Les signes les plus courants sont des douleurs dans le bas du ventre (souvent unilatérales) et des saignements vaginaux anormaux de couleur brune ou noirâtre, survenant entre la 3e et la 8e semaine de grossesse. Des vertiges, des évanouissements ou un malaise général doivent vous conduire aux urgences immédiatement. Une grossesse extra-utérine est confirmée par échographie et dosage sanguin de l’hCG.
La grossesse extra-utérine est-elle dangereuse ?
Oui. Sans traitement, la croissance de l’embryon dans la trompe peut provoquer sa rupture, entraînant une hémorragie interne potentiellement fatale. C’est une urgence médicale. Avec une prise en charge rapide, les risques pour la vie de la femme sont considérablement réduits.
Peut-on avoir un bébé après une grossesse extra-utérine ?
Oui. 60 % des femmes retombent enceintes dans les deux ans suivant une grossesse extra-utérine. Si les trompes sont endommagées, la FIV offre une alternative efficace. Un suivi gynécologique étroit est recommandé lors de toute grossesse suivante pour détecter précocement une éventuelle récidive.

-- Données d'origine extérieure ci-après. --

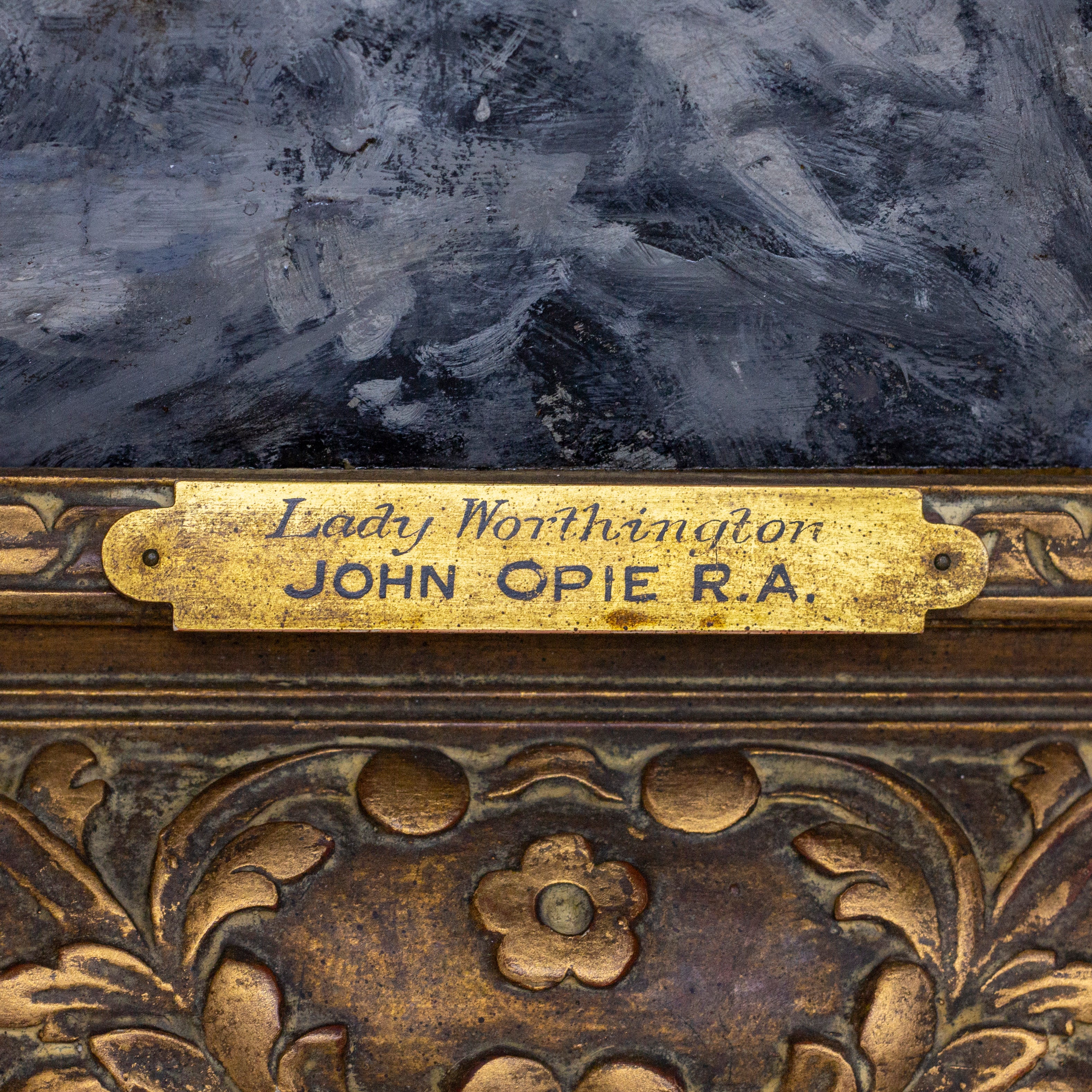 Un magnifique portrait à l'huile sur toile du XVIIIe siècle représentant « Lady Worthington », accompagné d'une plaque attribuant l'œuvre à l'artiste portraitiste anglais. John Opie. Cette œuvre a été encadrée avec soin et récemment nettoyée afin de révéler ses couleurs d'origine. Non signée.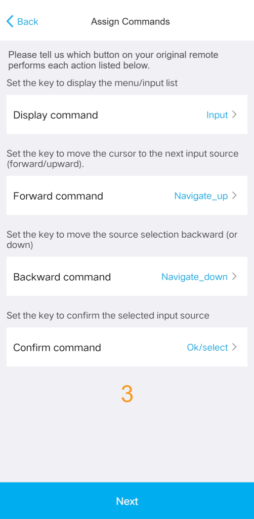 For this method, you must teach the Hub which single button (e.g.,’Source’) to press repeatedly to cycle through inputs.
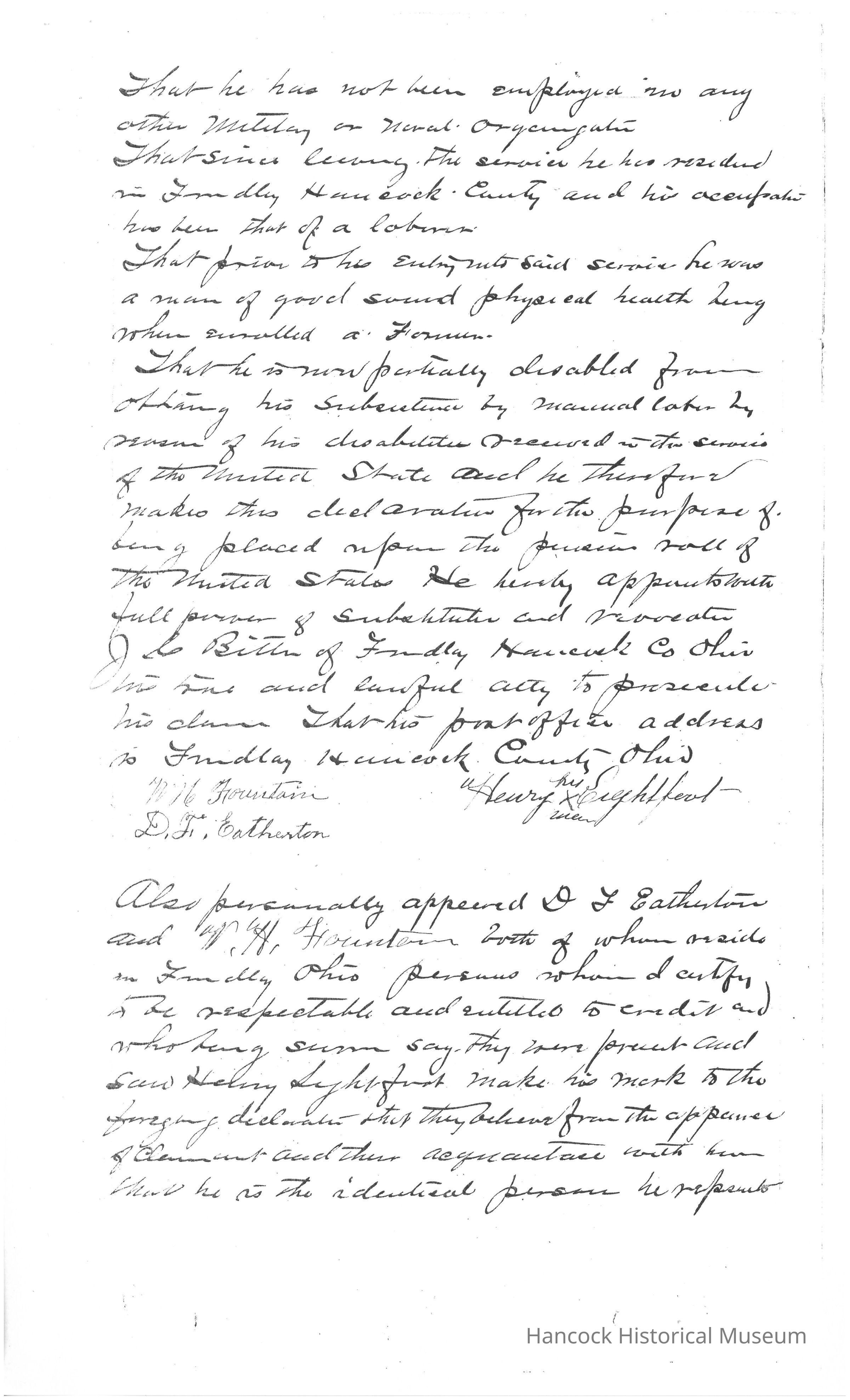The image is a handwritten document from Hancock County, Ohio, dated December 29, 1879. It is a sworn statement given by Henry Lightfoot, aged 63, who is identified as having served in Company K of the 21st Regiment of the Ohio Volunteer Infantry (OVI) during the Civil War. The document details that he enlisted on December 9, 1863, and was honorably discharged on July 20, 1865, in Louisville, Kentucky. Furthermore, it provides a physical description of Lightfoot, stating he was 5 feet 6 inches tall, with a light complexion and sandy hair. It also notes that during his service, he contracted inflammation of the liver and catarrh, likely due to exposure and hardships.

La grossesse extra-utérine peut-elle récidiver ?
Oui. Le risque de récidive est de 10 % à 30 % selon le CNGOF. Les femmes ayant déjà vécu une grossesse extra-utérine doivent être particulièrement vigilantes lors de grossesses futures et bénéficier d’un suivi échographique précoce pour confirmer que l’embryon s’est bien implanté dans l’utérus.
Combien de temps faut-il attendre avant de retenter une grossesse ?
Les médecins recommandent généralement d’attendre 3 à 6 mois après le traitement d’une grossesse extra-utérine avant de tenter une nouvelle conception. Ce délai permet la cicatrisation de la trompe et le retour du taux d’hCG à zéro. Votre gynécologue vous donnera un calendrier adapté à votre situation personnelle.